FIG. 1 is a schematic view showing a four-round flaw preventing hot rolling method according to the present invention.

FIG. 2 is a perspective view showing an end surface shape of a material to be rolled during rolling;

FIG. 3 is a flowchart of a four-round flaw preventing hot rolling method according to the present invention.

FIGS. 4A and 4B are graphs showing a relationship of a gas flow ratio with respect to a position where an overlap a occurs and a position where an inflection point b occurs.

FIGS. 5A and 5B are graphs showing seam flaw depth amounts with respect to a position where an overlap a occurs and a position where an inflection point b occurs.

FIG. 6 is a graph showing an example of an end face shape of a material to be rolled when an end face is measured during rolling.

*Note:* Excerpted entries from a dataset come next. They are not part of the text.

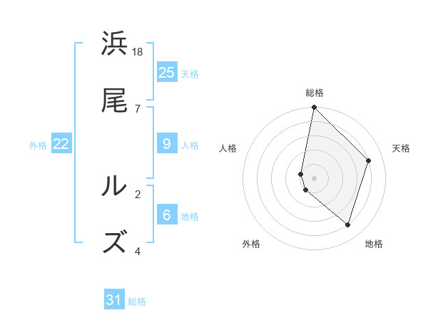 浜尾 ルズさんの総格は31画の5点!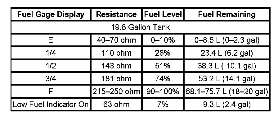 The information in this table is intended for use with the J 33431-C Signal Generator and Instrument Panel Tester. The fuel level sensor values represent the test values to be used on the Signal Generator to drive the fuel gage display to the indicated positions. Vehicles that require more than one fuel level sensor calculate gage position from many possible resistance combinations of fuel levels between the two tanks. Therefore, the values in the table may not correlate directly to readings taken from the vehicle primary or secondary sending units.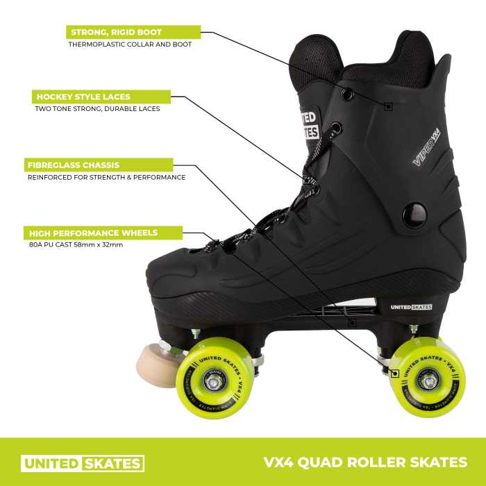 The United Skates VX4 Elite Quad Skates feature an updated look and build, with a retro feel.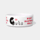 Koel water of voerbak voor uw katten! Het woord "Cats" is geschreven in leuke typografie, met de "C" met een silhouet van een zwarte kat. U kunt gemakkelijk personaliseren met de namen van uw katten in het rood. Een andere versie is beschikbaar voor één kat.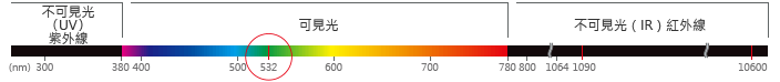 532 nm的波長是可視光領域的綠色光,因此也被稱為綠光雷射。將YAG或YVO4雷射生成的基本波長,透過單晶體氧化物(LBO:硼酸鋰)後轉換而成。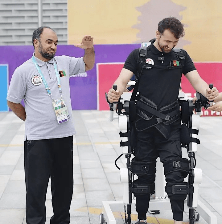 17岁那年,阿卜杜勒从屋顶上摔下来,自此下肢瘫痪残疾。13年后在亚残运村里,已经30岁的阿卜杜勒,第一次在外骨骼机器人的辅助下,做到了直立行走。阿卜杜勒表示:“自从坐上轮椅后,这是我第一次尝试行走。有时候我会尝试站起来,但从来没有走过路。”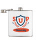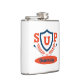 The flask itself is fine. It’s a cheap flask, obviously bought in bulk, however am prepared to overlook that. Given that it is a personalized item, I would have liked to have seen gift boxing instead of the generic packaging. Terrible printing, and/or quality. It’s a cheap, tacky vinyl. It is not cut straight and is also applied in a way that it is overhanging the bottom, causing the glue to catch on items and it will eventually roll and tear, damaging the wrap.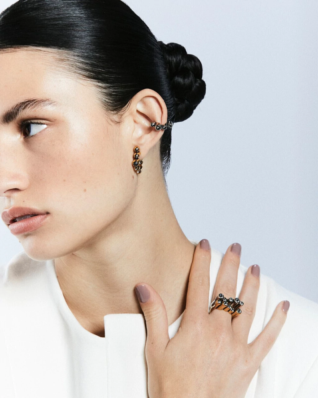 O brinco foi produzido artesanalmente, no banho ouro vintage, com cristais austríanos aplicados manualmente.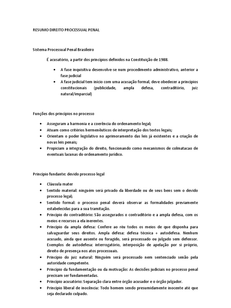 Princpio fundante: devido processo legal Clusula mater Sentido material: ningum ser privado da liberdade ou de seus bens sem o devido processo legal; Sentido formal: o processo penal dever observar as formalidades previamente estabelecidas para a sua tramitao. Princpio do contraditrio: So assegurados o contraditrio e a ampla defesa, com os meios e recursos a ela inerentes. Princpio da ampla defesa: Confere ao ru todos os meios de que disponha para salvaguardar seus direitos. Ampla defesa: defesa tcnica + autodefesa. Nenhum acusado, ainda que ausente ou foragido, ser processado ou julgado sem defensor. Exemplos de autodefesa: interrogatrio, interposio de apelao por si prprio, direito de presena nos atos processuais. Princpio do juiz natural: Ningum ser processado nem sentenciado seno pela autoridade competente. Princpio da fundamentao ou da motivao: As decises judiciais no processo penal precisam ser fundamentadas. Princpio acusatrio: Separao clara entre rgo acusador e o rgo julgador. Princpio liberal de inocncia: Todo homem sendo presumidamente inocente at que seja declarado culpado.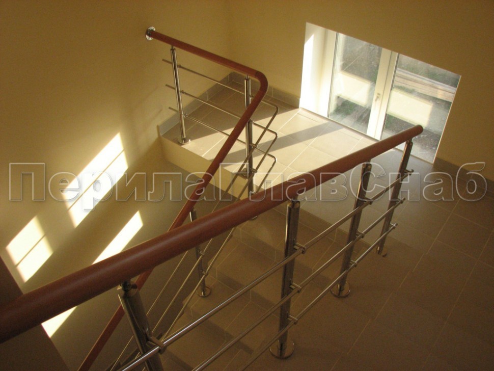 Нержавеющие ограждения без ригелей с круглым деревянным поручнем и стойками с деревянными вставками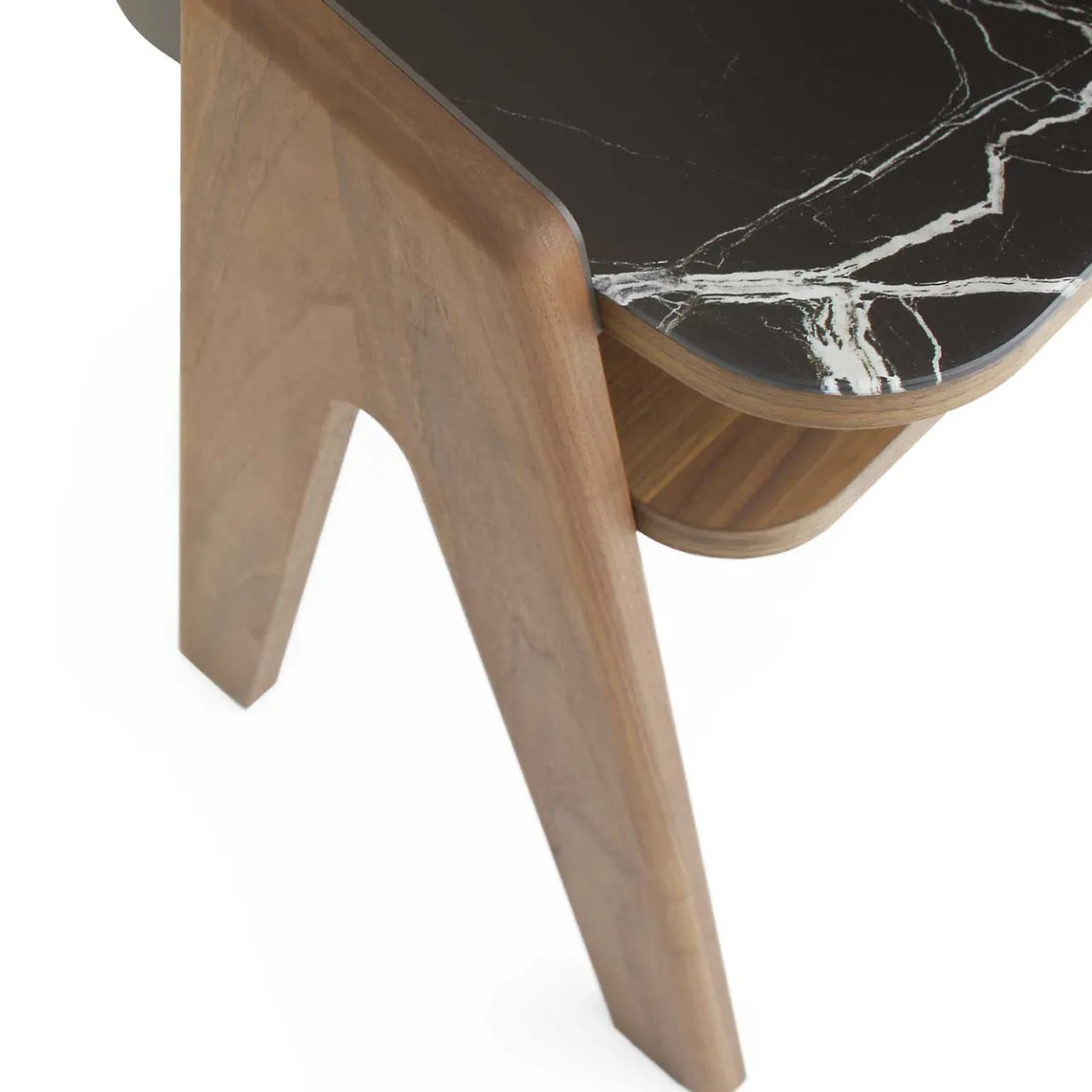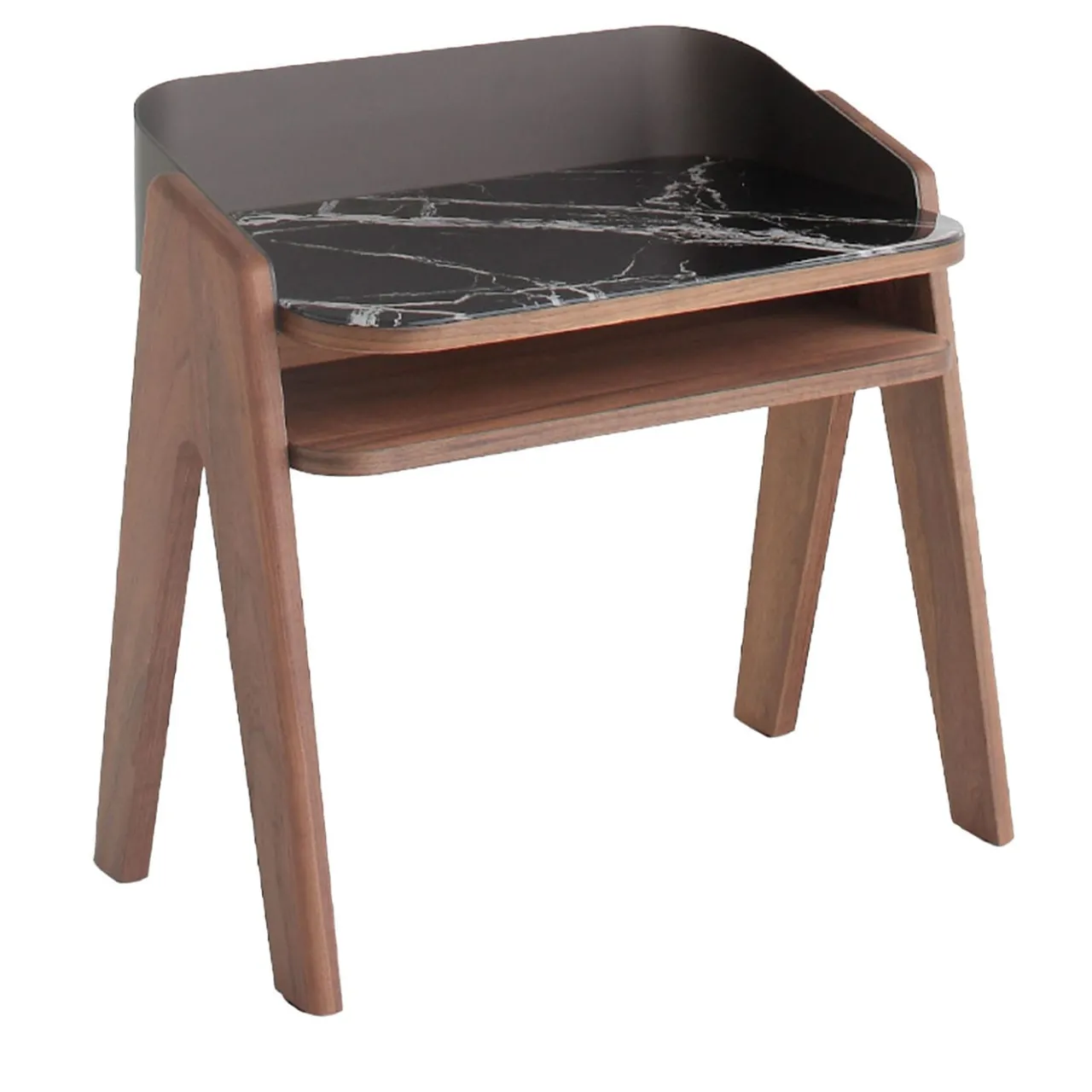 Idealmente abbinato alla sua controparte da scrivania per un esclusivo look coesivo, questo comodino seduce con le sue venature di noce e l’intrigante tracciato marmorizzato. L’avvolgente scocca in metallo calandrato, sostenuta da gambe a V in massello di noce canaletto, abbraccia il piano in vetro sagomato, che vanta una superba stampa posteriore in marmo Breccia Imperiale. Un pratico ripiano rivestito in noce canaletto completa il design.

FIG. 7 is a graph showing a change in a shift amount of an inflection point b when the heating control of the present invention is performed.

FIGS. 8 (i) and (ii) are cross-sectional views showing the depth of seam flaws of a product after the heating control according to the present invention and after the heating control is not performed.

[Explanation of symbols]

 S: slab (slab, steel plate) 1 ... end face shape measuring device 2 ... arithmetic processing unit 3 ... heating furnace 4 ... gas burner 5 ... moving mechanism 6 ... automatic combustion control device

Claims (1)

(57) [Claims] 1. During the hot rolling process of a steel sheet, the shape of the end face along the rolling direction of the material to be rolled is measured, and when the end face shape is a double bulge, the overlap position is set to be larger than the center position of the sheet thickness. If the side is the side, the heating amount on the front side of the slab in the slab heating furnace, if the overlap position is the back side from the center position of the plate thickness, the heating amount on the back side of the slab in the slab heating furnace, the overlap If the position is shifted from the center of the thickness of the sheet, it is raised relatively, the subsequent slab is heated, then rolled, and if the end face is a single bulge, the inflection point is closer to the surface than the center of the thickness. If so, the heating amount on the back side of the slab in the slab heating furnace, if the inflection point is on the back side from the center position of the thickness, the heating amount on the front side of the slab in the slab heating furnace, the inflection point Relative to the center position of the sheet thickness A hot rolling method for preventing four-round flaws in a steel sheet, wherein the steel piece is heated and then rolled.